> [What needs to be done] Skip pictures in the listing below; copy exactly the lines from the one with "Zábavná hra s" through the one with "Custom printed personalized", inclusive.

> [Dataset records]
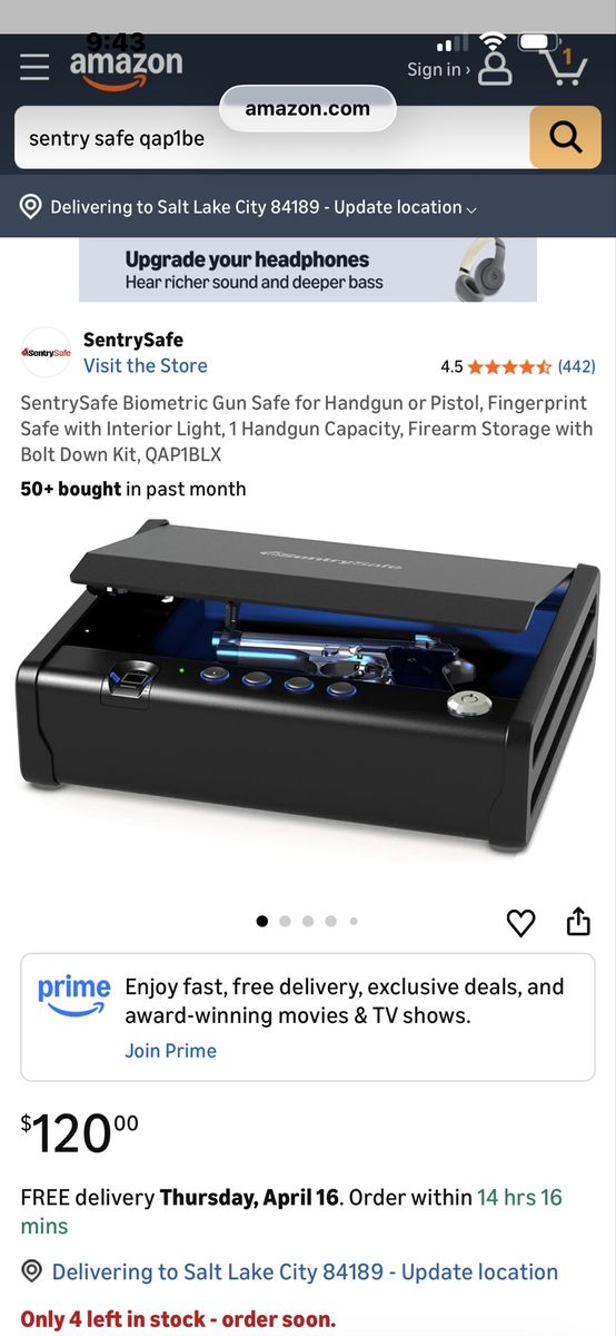 Brand new sentry safe biometric for handguns and pistols! New in box and in in amazing conditions! These are sweet for the bedside, protect your kids and yourself at the same time! Ready for your house! ! This exact safe is for sale right now on Amazon for 120.00 as shown in photos! don’t pay retail prices, call Dustin instead at 801-205-3404, I need it gone!
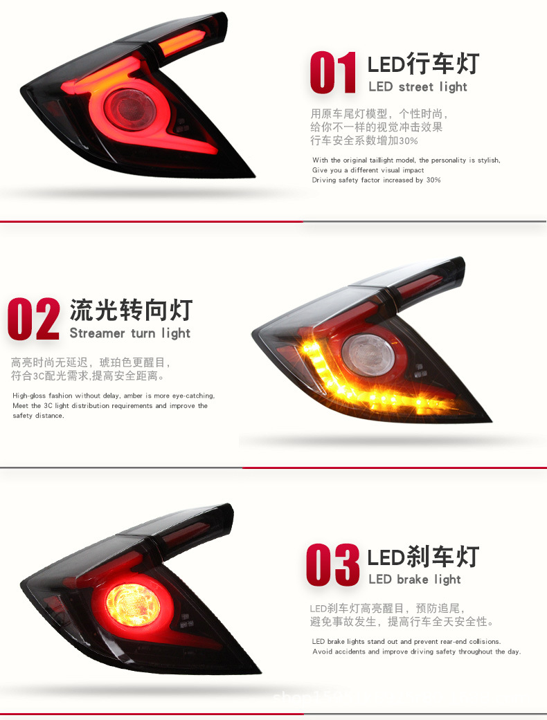 - Sleek & Modern Design: Upgrade your Civic’s exterior with a contemporary taillight assembly that adds a dynamic and stylish aesthetic, giving your vehicle a refreshed, two-box appearance.
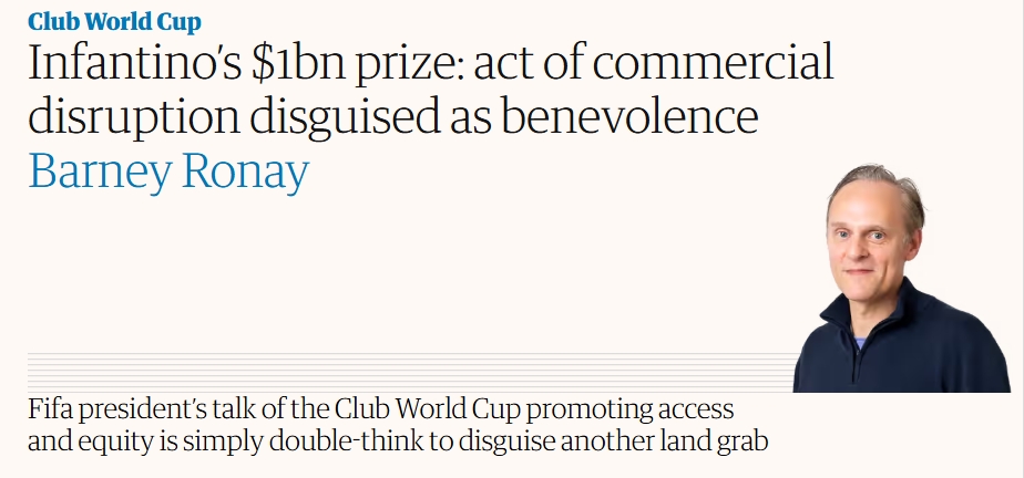 對(duì)此衛(wèi)報(bào)記者Barney Ronay撰文對(duì)世俱杯進(jìn)行抨擊,認(rèn)為這一賽事龐大的獎(jiǎng)金總數(shù)看似很美好,但對(duì)足球生態(tài)存在負(fù)面影響,更是將其稱為“披著善意外衣的商業(yè)顛覆行為”。
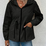 Vandtæt damejakke – Justerbar pasform – Hætte – Hoftelængde – Lommer
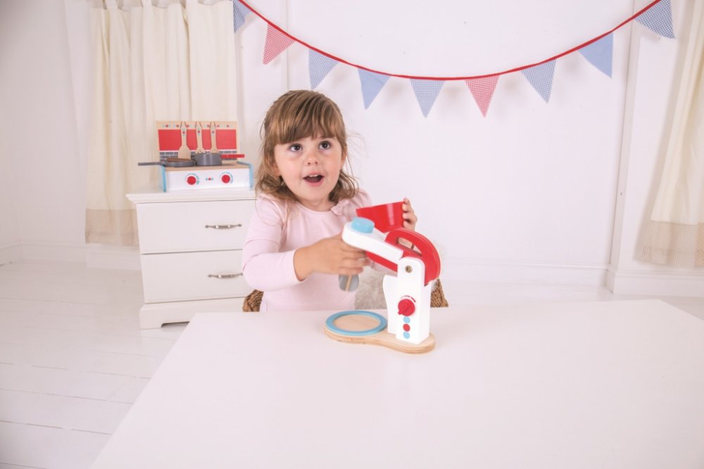 Zábavná hra s tímto realistickým mixérem potravin, který má celou řadu interaktivních funkcí! K dispozici je on / off přepínač, který se skutečně otáčí a miska čeká na ingredience! Přepínač vydává realný zvuk. Díky své kvalitní dřevěné konstrukci je tato souprava nezbytným herním kuchyňským příslušenstvím, jistě vám poskytne léta předstírané herní zábavy. Skvělý způsob, jak rozvíjet tvořivost, pře...
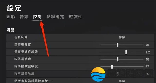 点击界面右上角的“设置”,进入设置界面,在设置界面点击“控制”功能,我们接下来灵敏度的调控都将在这里进行设置
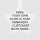 Custom printed personalized STAR ACRYLIC CHRISTMAS TREE ORNAMENT DECORATION Blank Template - 2.78" high x 2.65" wide x 0.187" thick. Design, create, make your own. Your photo, image, text, logo, graphics in full color print on both side of the ornament, using the AcryliPrint®HD printing process. Made of ultra-durable acrylic.
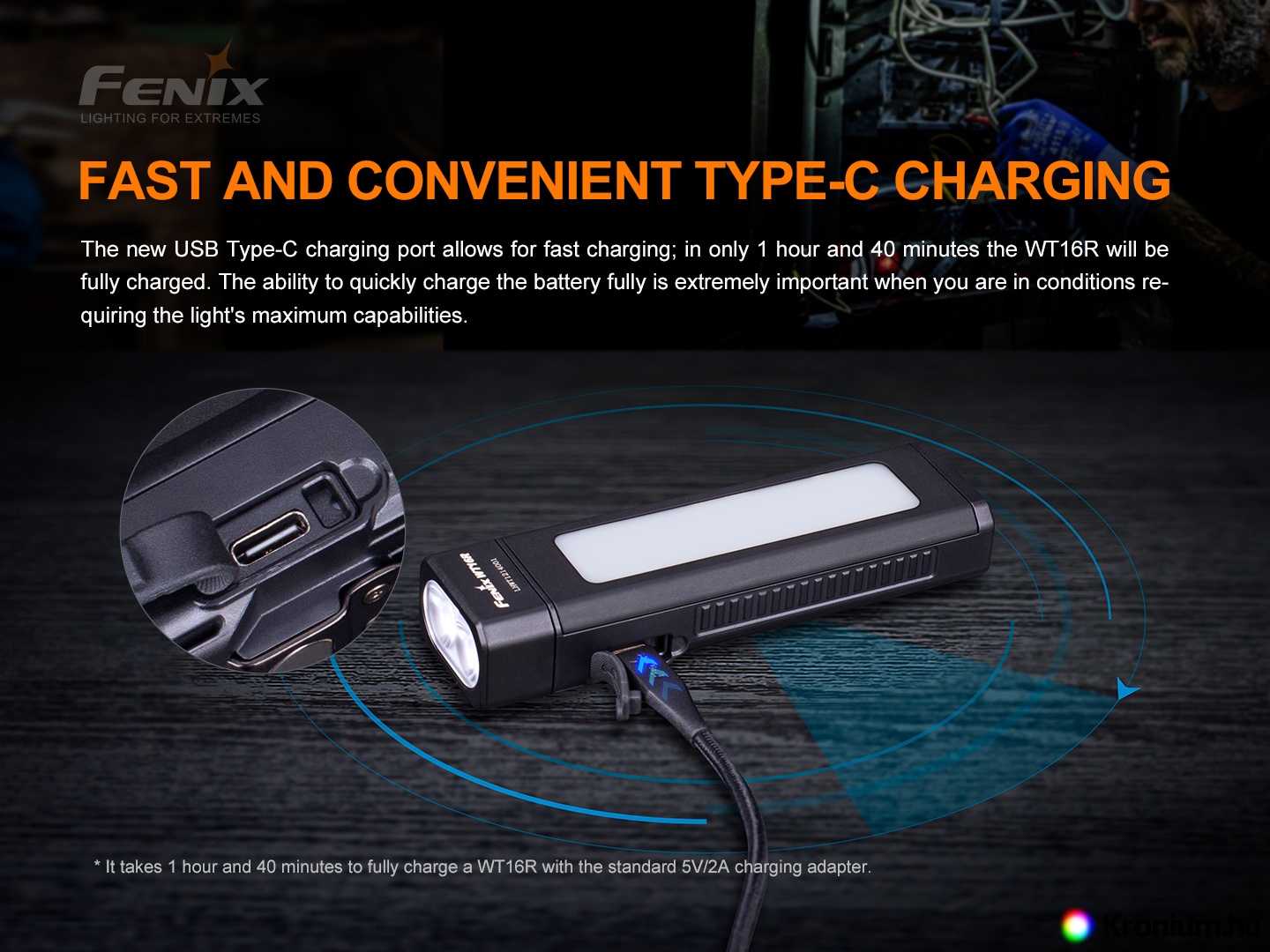 A Fenix WT16R egy többcélú, újratölthető lámpa távoli reflektorral és egy oldalsó széles lámpával, amely akár 300 lumen fényerővel rendelkezik. A fényforrás a vezető reflektorban egy pár Cree XP-E2 LED, az oldalsó lámpa több COB LED-et tartalmaz. Ez az oldalsó lámpa széles fénykúppal és egyenletes intenzitással rendelkezik, amely nemcsak a munkahely megvilágítására ideális, hanem sárga villogó figyelmeztető funkcióval is rendelkezik. A Fenix WT16R lámpa egy erős acélcsipesszel is rendelkezik, hogy könnyen hordozható legyen az övén vagy zsebében. Két erős mágnessel is fel van szerelve, az egyik az oldalán, a másik az alján található. A lámpa így két különböző helyzetben könnyen rögzíthető egy vasfelületre. A lámpát variálhatóságával kifejezetten munkahelyi használatra tervezték, de otthon és kempingezéskor is nagyszerű szolgálatot tesz.
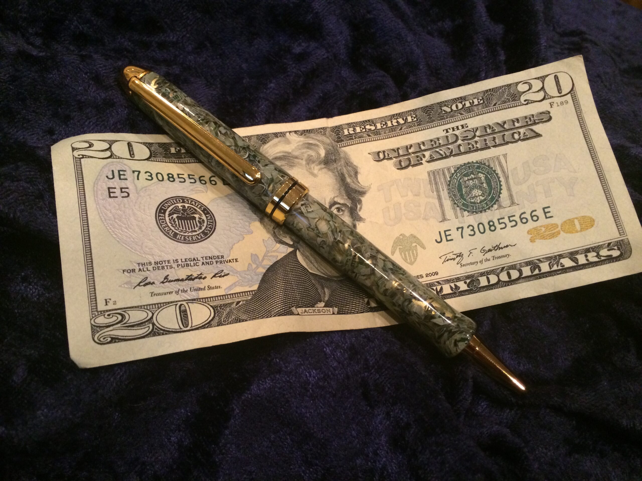“Cash Is King” is our Cross® type ballpoint twist pen handcrafted from an acrylic composite of real shredded cash. You’ll never leave home again without having a pocket full of money! Finished with our beautiful High Gloss finish and 24k Gold plate pen hardware.
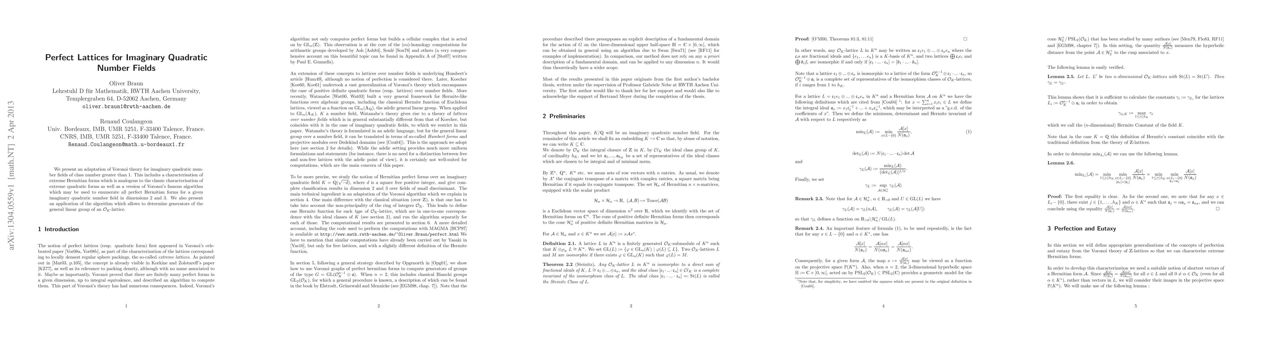 This paper adapts Voronoi theory to imaginary quadratic number fields with class number greater than 1, providing a characterization of extreme Hermitian forms and an algorithm for enumerating perfect Hermitian forms in dimensions 2 and 3. It also applies the algorithm to determine generators of the general linear group of $\O_K$-lattices.
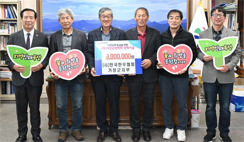 (사)전국한우협회 거창군지부(지부장 이남권)는 거창한마당축제에서 애우 판매관을 운영한 수익금 900만 원을 기탁했으며, 지난 6월에도 500만 원의 장학금 기탁 하는 등 매년 1,000여만 원을 기탁해 지역 인재 육성에 큰 힘이 되고 있다.

> [Task answer]
 Zábavná hra s tímto realistickým mixérem potravin, který má celou řadu interaktivních funkcí! K dispozici je on / off přepínač, který se skutečně otáčí a miska čeká na ingredience! Přepínač vydává realný zvuk. Díky své kvalitní dřevěné konstrukci je tato souprava nezbytným herním kuchyňským příslušenstvím, jistě vám poskytne léta předstírané herní zábavy. Skvělý způsob, jak rozvíjet tvořivost, pře...
 点击界面右上角的“设置”,进入设置界面,在设置界面点击“控制”功能,我们接下来灵敏度的调控都将在这里进行设置
 Custom printed personalized STAR ACRYLIC CHRISTMAS TREE ORNAMENT DECORATION Blank Template - 2.78" high x 2.65" wide x 0.187" thick. Design, create, make your own. Your photo, image, text, logo, graphics in full color print on both side of the ornament, using the AcryliPrint®HD printing process. Made of ultra-durable acrylic.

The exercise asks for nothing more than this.